◆ **EXERCISE**: Reproduce all of the data below without alteration; exclude every picture.

◆ **DATASET SECTION**:
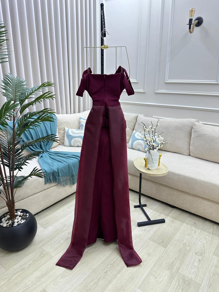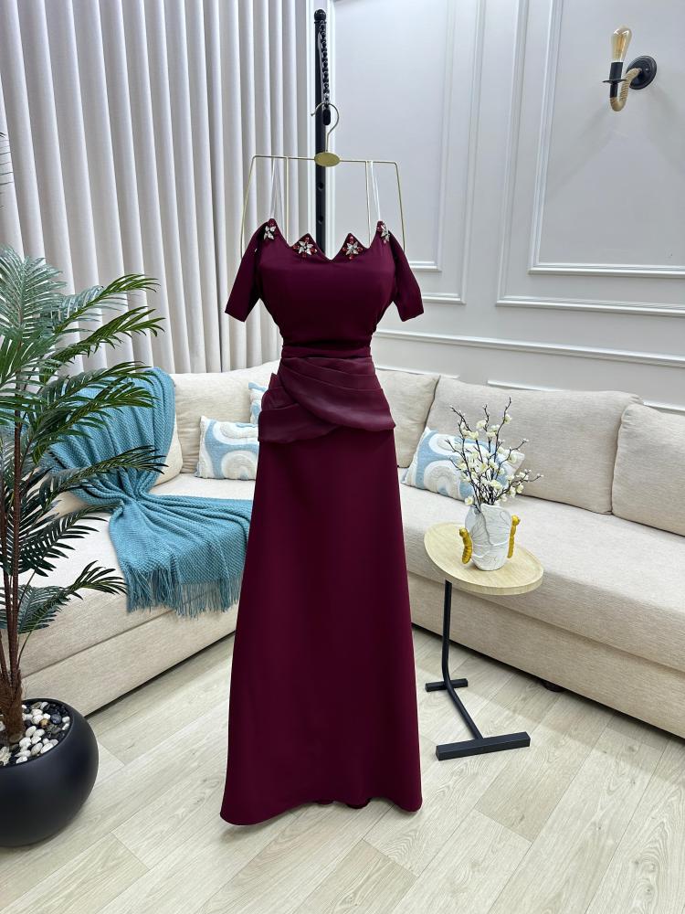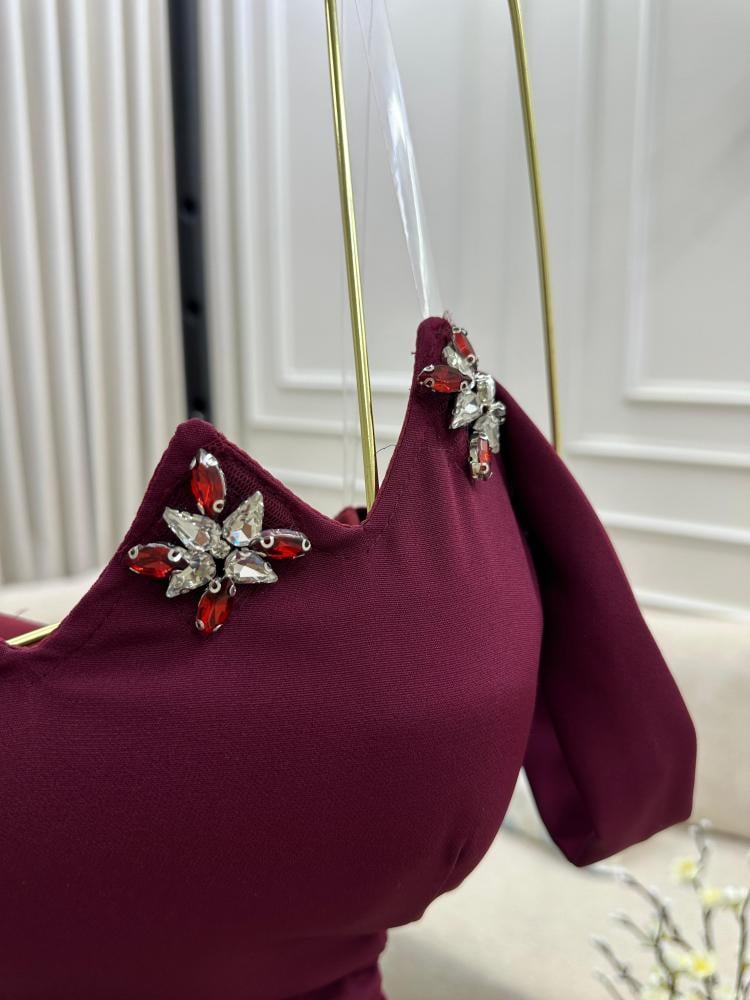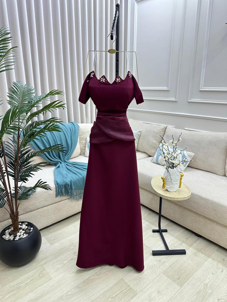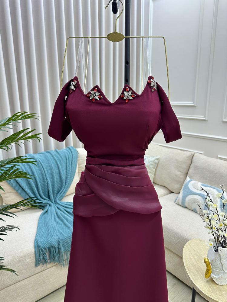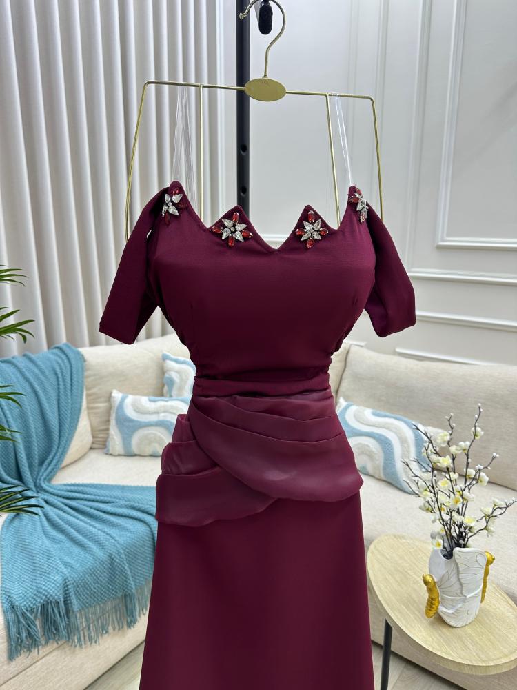 إطلالتك من إيلفندي تبدأ مع نوڤيا، فستان سهرة ناعم بلون عنابي مخملي، يغمرك بإحساس فخم من أول نظرة.
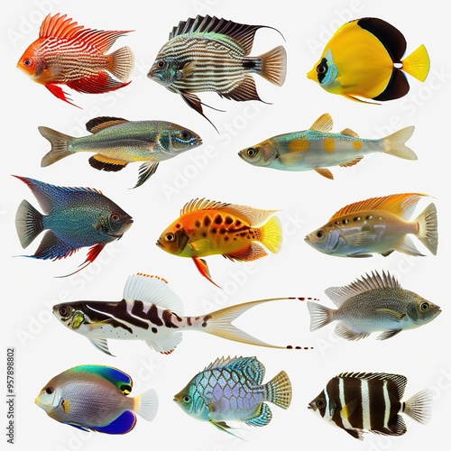 © Saad, Fototapeta premium Collection of various tropical and freshwater fish
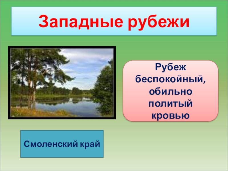 Западные рубежиСмоленский крайРубеж беспокойный, обильно политый кровью
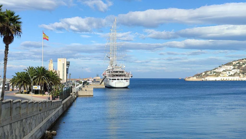 Прогноз погоду на Атлантику не очень, похоже мы не успеваем проскочить до Мадейры перед очередным циклоном. Уходим в Сеуту, там есть что посмотреть во время ожидания благоприятной погоды. Дует западный ветер, к Африке он усиливается до 30 узлов, быстренько доходим до Сеуты и в 17 часов швартуемся в марине.

◆ **OUTPUT OF THE EXERCISE**:
 إطلالتك من إيلفندي تبدأ مع نوڤيا، فستان سهرة ناعم بلون عنابي مخملي، يغمرك بإحساس فخم من أول نظرة.
 © Saad, Fototapeta premium Collection of various tropical and freshwater fish
 Западные рубежиСмоленский крайРубеж беспокойный, обильно политый кровью
 Прогноз погоду на Атлантику не очень, похоже мы не успеваем проскочить до Мадейры перед очередным циклоном. Уходим в Сеуту, там есть что посмотреть во время ожидания благоприятной погоды. Дует западный ветер, к Африке он усиливается до 30 узлов, быстренько доходим до Сеуты и в 17 часов швартуемся в марине.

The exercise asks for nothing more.